◆ Work request: Find the line that contains "将摇好的肉丝用筷子打散,倒入平底锅小火翻炒" in the entries below. Restate it and every line after it, word for word, with no pictures.

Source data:
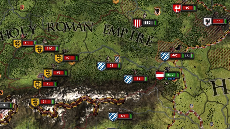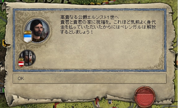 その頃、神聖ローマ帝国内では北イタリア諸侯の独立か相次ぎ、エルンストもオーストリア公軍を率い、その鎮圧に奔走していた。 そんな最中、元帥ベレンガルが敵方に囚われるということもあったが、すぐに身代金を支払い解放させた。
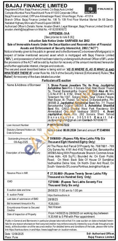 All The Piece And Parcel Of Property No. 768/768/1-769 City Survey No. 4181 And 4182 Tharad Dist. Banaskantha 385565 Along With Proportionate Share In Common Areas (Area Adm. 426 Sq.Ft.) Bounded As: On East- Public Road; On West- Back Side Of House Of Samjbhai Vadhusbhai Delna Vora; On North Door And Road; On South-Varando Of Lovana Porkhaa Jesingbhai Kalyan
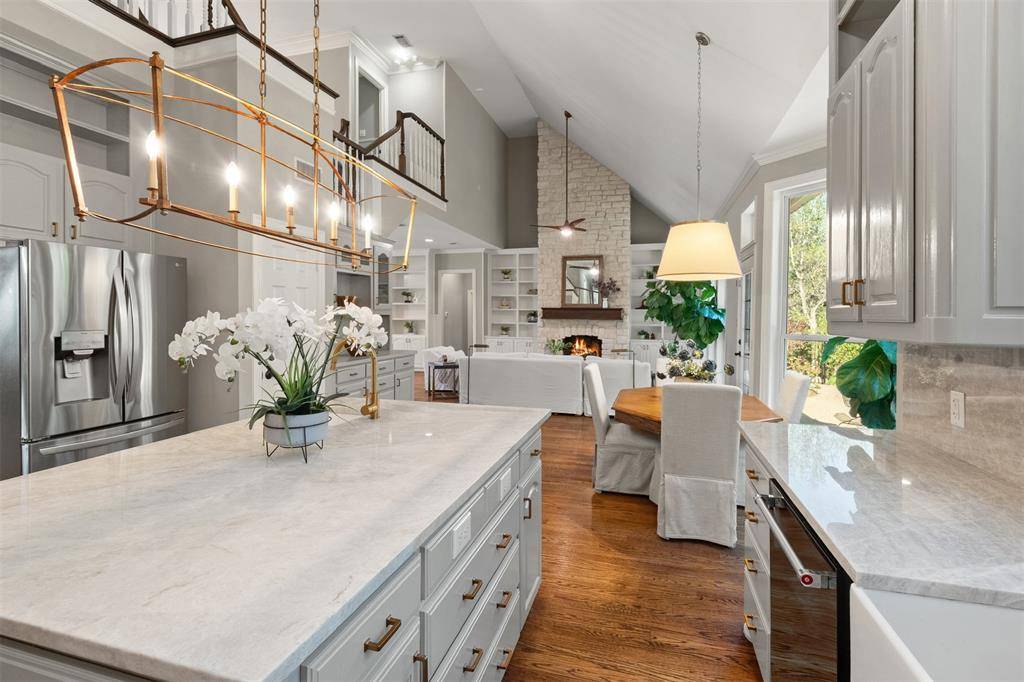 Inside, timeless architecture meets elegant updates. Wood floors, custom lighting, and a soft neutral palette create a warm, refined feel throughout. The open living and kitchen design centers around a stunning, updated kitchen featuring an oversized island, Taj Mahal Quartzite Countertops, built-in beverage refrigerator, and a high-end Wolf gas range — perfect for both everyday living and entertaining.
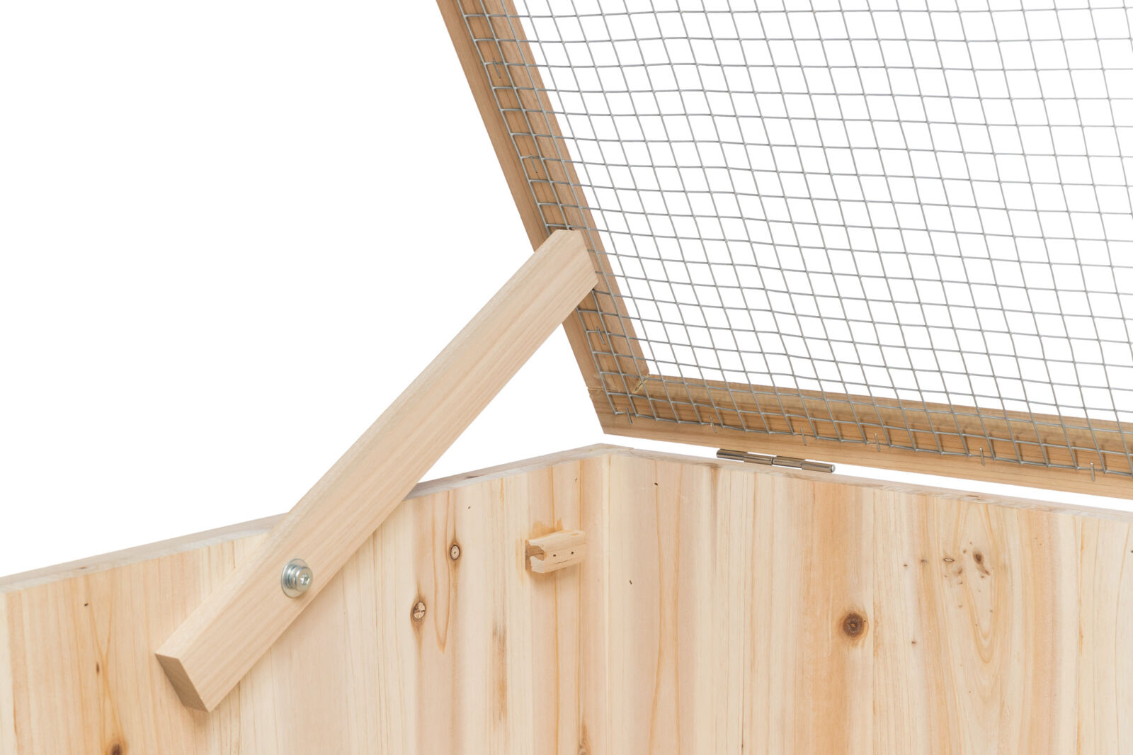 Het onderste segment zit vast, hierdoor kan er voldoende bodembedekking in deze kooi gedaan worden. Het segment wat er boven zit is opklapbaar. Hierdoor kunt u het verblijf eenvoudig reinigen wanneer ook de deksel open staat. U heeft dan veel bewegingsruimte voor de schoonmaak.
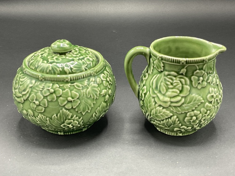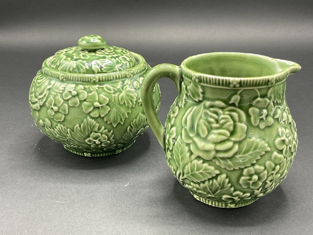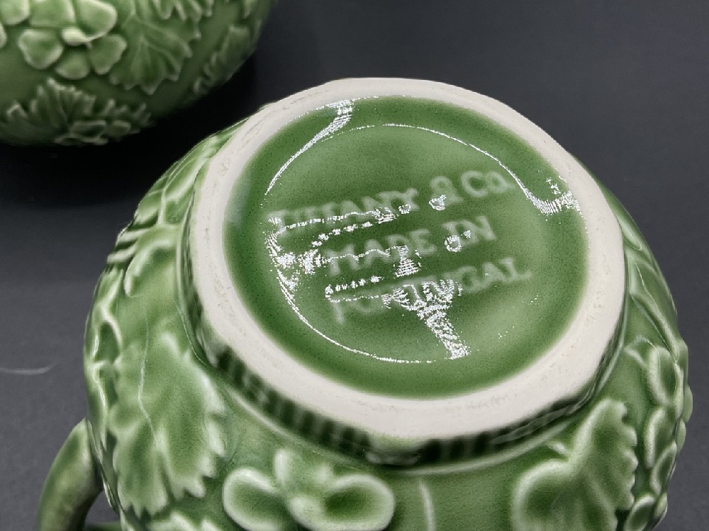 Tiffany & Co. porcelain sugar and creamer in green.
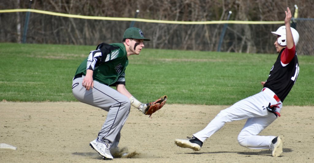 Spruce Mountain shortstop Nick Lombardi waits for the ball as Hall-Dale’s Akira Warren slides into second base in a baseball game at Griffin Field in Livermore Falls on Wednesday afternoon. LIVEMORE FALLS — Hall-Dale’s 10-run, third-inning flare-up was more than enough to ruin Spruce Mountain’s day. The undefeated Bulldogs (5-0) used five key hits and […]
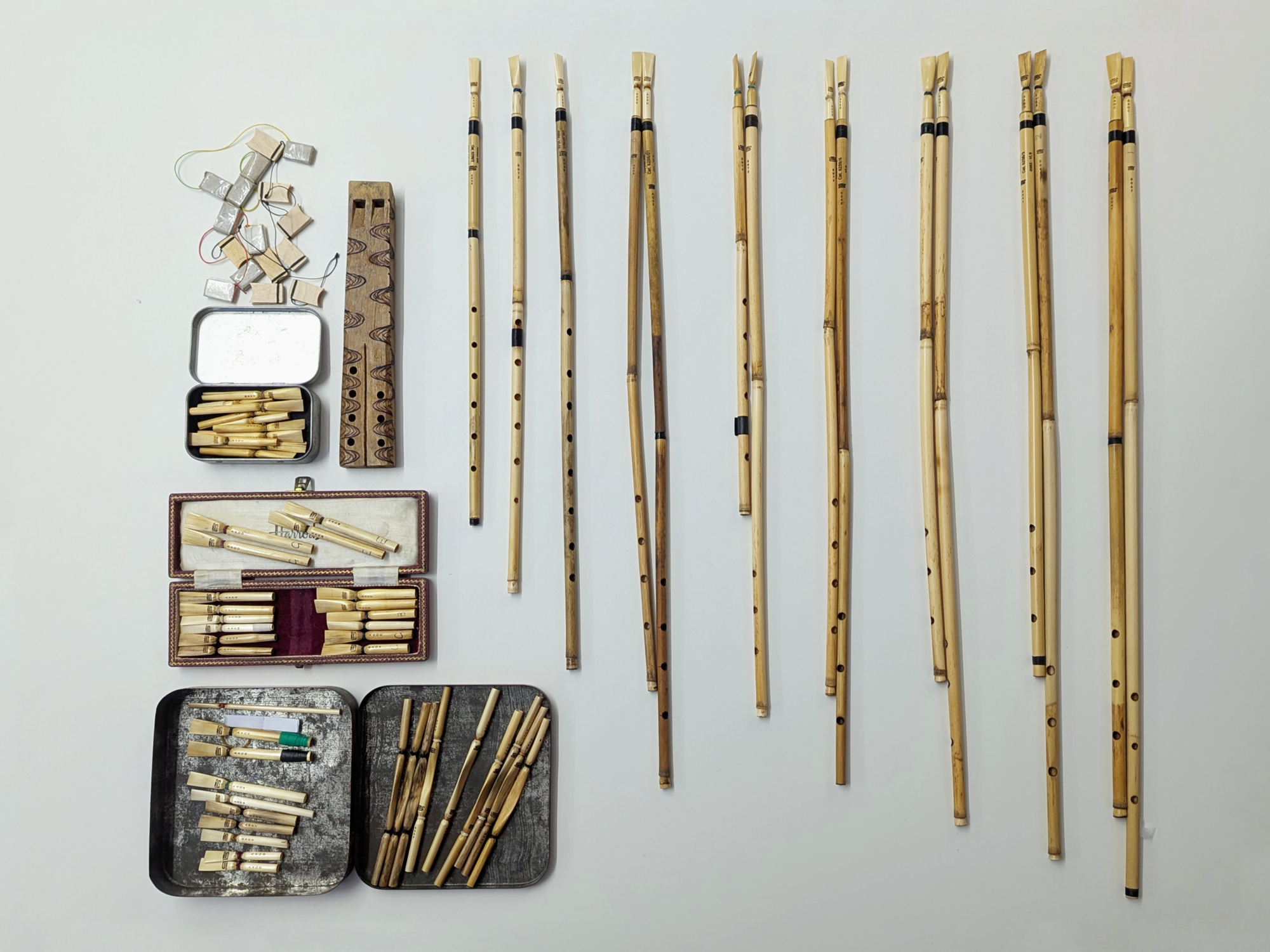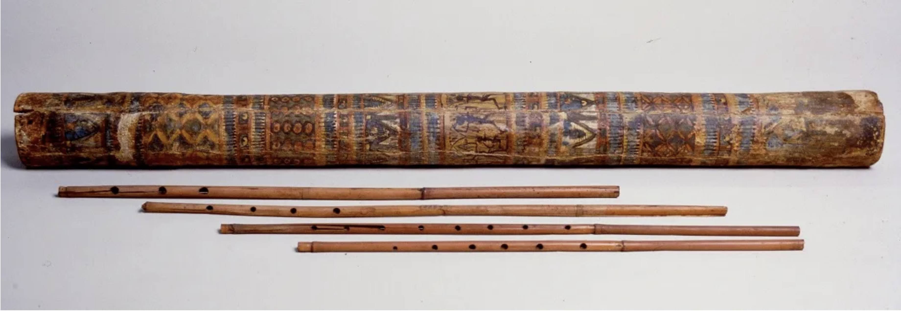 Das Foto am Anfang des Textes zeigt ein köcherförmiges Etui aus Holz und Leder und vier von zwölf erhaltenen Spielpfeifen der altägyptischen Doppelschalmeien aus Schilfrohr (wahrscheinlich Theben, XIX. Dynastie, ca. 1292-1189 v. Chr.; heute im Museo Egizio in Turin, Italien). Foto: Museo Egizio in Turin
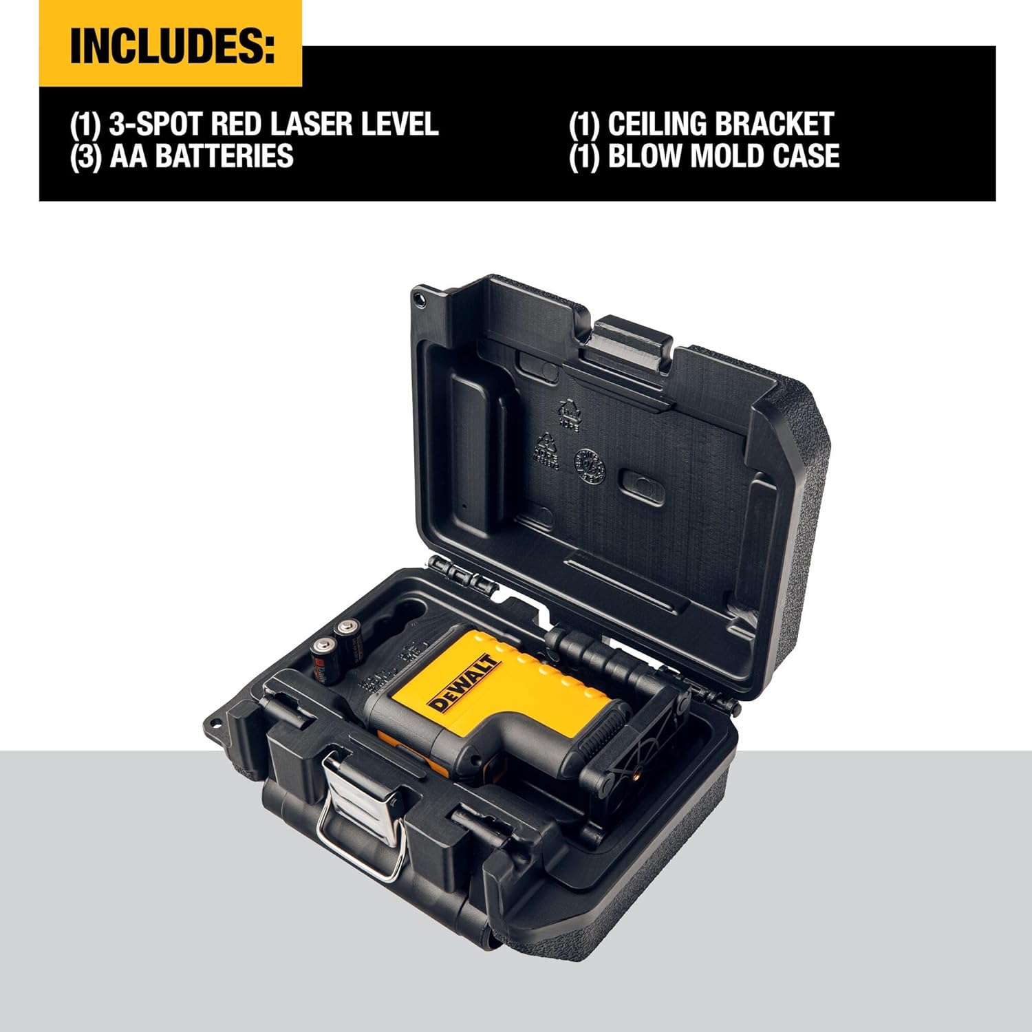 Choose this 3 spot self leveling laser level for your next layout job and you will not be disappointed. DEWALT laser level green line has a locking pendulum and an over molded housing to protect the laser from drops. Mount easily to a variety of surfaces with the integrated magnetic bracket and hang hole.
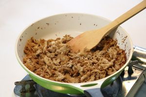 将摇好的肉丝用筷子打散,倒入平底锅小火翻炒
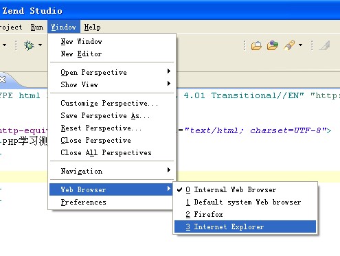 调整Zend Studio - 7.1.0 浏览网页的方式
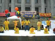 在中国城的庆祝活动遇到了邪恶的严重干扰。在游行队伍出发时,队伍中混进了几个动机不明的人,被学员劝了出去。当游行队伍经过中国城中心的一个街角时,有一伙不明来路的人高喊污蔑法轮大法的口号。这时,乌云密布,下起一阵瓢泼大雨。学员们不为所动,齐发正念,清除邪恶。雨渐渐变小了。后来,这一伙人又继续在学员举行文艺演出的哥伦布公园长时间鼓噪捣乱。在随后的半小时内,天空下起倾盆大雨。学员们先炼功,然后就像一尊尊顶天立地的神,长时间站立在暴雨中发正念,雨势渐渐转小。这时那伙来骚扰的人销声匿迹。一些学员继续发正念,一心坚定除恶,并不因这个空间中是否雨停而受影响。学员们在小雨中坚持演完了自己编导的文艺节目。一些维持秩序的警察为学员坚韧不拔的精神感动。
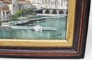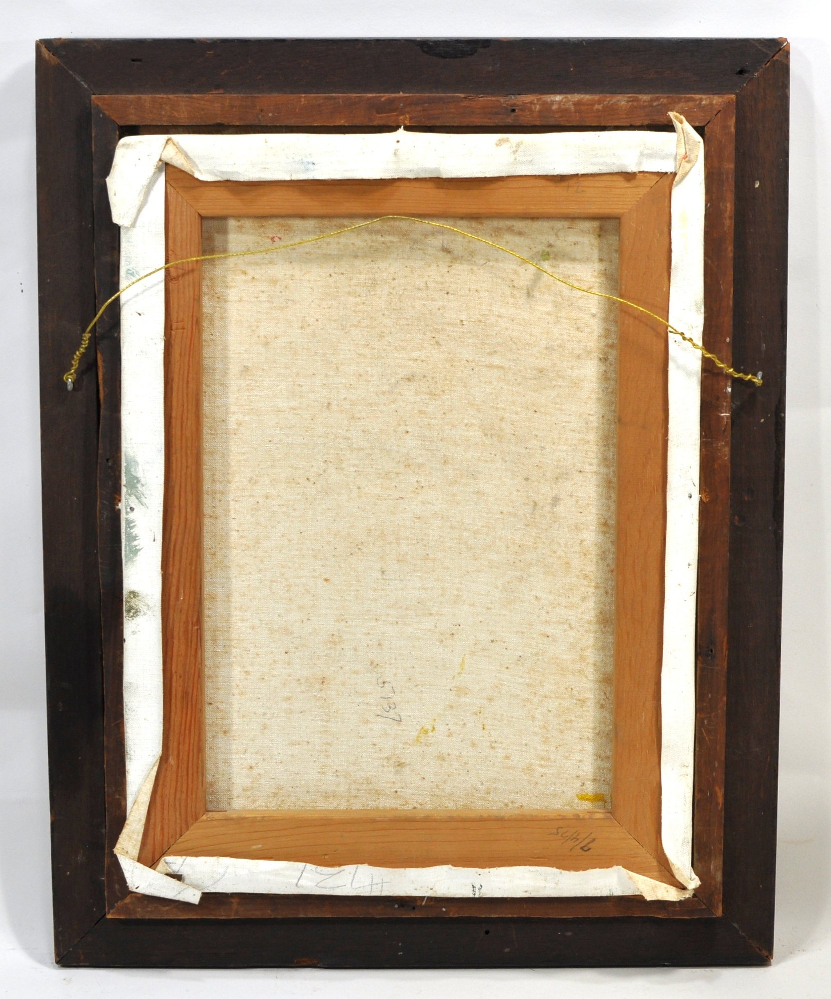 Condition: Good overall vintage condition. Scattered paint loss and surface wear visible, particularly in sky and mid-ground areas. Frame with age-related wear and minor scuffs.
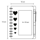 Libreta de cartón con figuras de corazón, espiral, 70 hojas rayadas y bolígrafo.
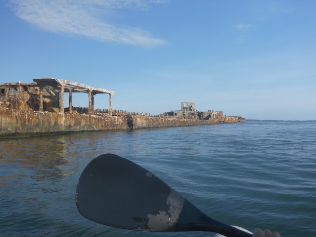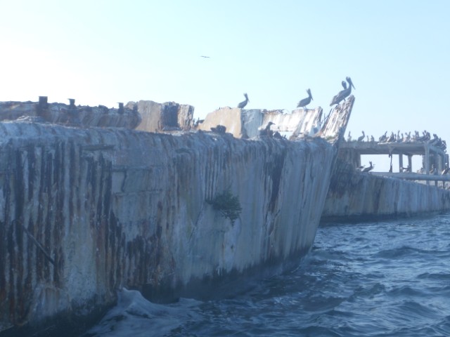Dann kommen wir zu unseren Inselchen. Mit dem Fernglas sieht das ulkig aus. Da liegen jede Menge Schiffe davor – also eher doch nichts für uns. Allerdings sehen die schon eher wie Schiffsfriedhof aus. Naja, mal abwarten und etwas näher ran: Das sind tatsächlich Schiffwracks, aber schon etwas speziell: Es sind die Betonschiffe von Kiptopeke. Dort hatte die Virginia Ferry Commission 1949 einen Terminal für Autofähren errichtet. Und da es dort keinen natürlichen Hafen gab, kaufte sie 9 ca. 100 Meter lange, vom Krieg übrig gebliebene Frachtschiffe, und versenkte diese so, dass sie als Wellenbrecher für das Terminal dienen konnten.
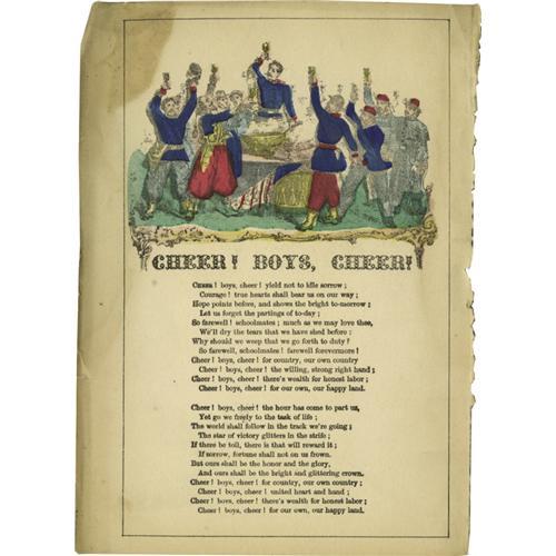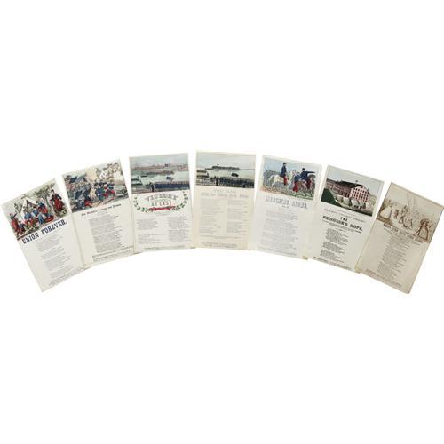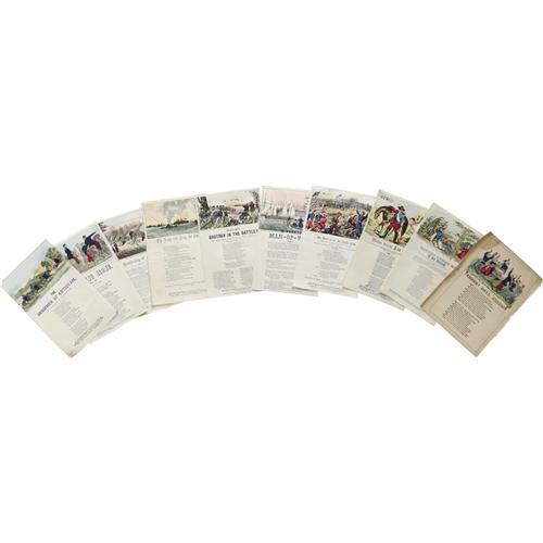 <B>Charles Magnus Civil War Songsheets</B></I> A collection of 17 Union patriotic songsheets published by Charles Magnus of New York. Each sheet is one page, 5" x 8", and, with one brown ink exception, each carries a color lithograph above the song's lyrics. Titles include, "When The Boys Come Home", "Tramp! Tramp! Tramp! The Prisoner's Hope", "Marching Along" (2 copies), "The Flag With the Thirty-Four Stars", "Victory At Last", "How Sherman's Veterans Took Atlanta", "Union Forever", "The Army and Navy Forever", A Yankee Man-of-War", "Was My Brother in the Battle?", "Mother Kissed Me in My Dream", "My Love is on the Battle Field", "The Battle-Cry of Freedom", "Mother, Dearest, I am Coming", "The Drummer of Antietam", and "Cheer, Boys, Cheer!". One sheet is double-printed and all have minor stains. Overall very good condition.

◆ Solution to this problem:
 将摇好的肉丝用筷子打散,倒入平底锅小火翻炒
 调整Zend Studio - 7.1.0 浏览网页的方式
 在中国城的庆祝活动遇到了邪恶的严重干扰。在游行队伍出发时,队伍中混进了几个动机不明的人,被学员劝了出去。当游行队伍经过中国城中心的一个街角时,有一伙不明来路的人高喊污蔑法轮大法的口号。这时,乌云密布,下起一阵瓢泼大雨。学员们不为所动,齐发正念,清除邪恶。雨渐渐变小了。后来,这一伙人又继续在学员举行文艺演出的哥伦布公园长时间鼓噪捣乱。在随后的半小时内,天空下起倾盆大雨。学员们先炼功,然后就像一尊尊顶天立地的神,长时间站立在暴雨中发正念,雨势渐渐转小。这时那伙来骚扰的人销声匿迹。一些学员继续发正念,一心坚定除恶,并不因这个空间中是否雨停而受影响。学员们在小雨中坚持演完了自己编导的文艺节目。一些维持秩序的警察为学员坚韧不拔的精神感动。
 Condition: Good overall vintage condition. Scattered paint loss and surface wear visible, particularly in sky and mid-ground areas. Frame with age-related wear and minor scuffs.
 Libreta de cartón con figuras de corazón, espiral, 70 hojas rayadas y bolígrafo.
Dann kommen wir zu unseren Inselchen. Mit dem Fernglas sieht das ulkig aus. Da liegen jede Menge Schiffe davor – also eher doch nichts für uns. Allerdings sehen die schon eher wie Schiffsfriedhof aus. Naja, mal abwarten und etwas näher ran: Das sind tatsächlich Schiffwracks, aber schon etwas speziell: Es sind die Betonschiffe von Kiptopeke. Dort hatte die Virginia Ferry Commission 1949 einen Terminal für Autofähren errichtet. Und da es dort keinen natürlichen Hafen gab, kaufte sie 9 ca. 100 Meter lange, vom Krieg übrig gebliebene Frachtschiffe, und versenkte diese so, dass sie als Wellenbrecher für das Terminal dienen konnten.
 <B>Charles Magnus Civil War Songsheets</B></I> A collection of 17 Union patriotic songsheets published by Charles Magnus of New York. Each sheet is one page, 5" x 8", and, with one brown ink exception, each carries a color lithograph above the song's lyrics. Titles include, "When The Boys Come Home", "Tramp! Tramp! Tramp! The Prisoner's Hope", "Marching Along" (2 copies), "The Flag With the Thirty-Four Stars", "Victory At Last", "How Sherman's Veterans Took Atlanta", "Union Forever", "The Army and Navy Forever", A Yankee Man-of-War", "Was My Brother in the Battle?", "Mother Kissed Me in My Dream", "My Love is on the Battle Field", "The Battle-Cry of Freedom", "Mother, Dearest, I am Coming", "The Drummer of Antietam", and "Cheer, Boys, Cheer!". One sheet is double-printed and all have minor stains. Overall very good condition.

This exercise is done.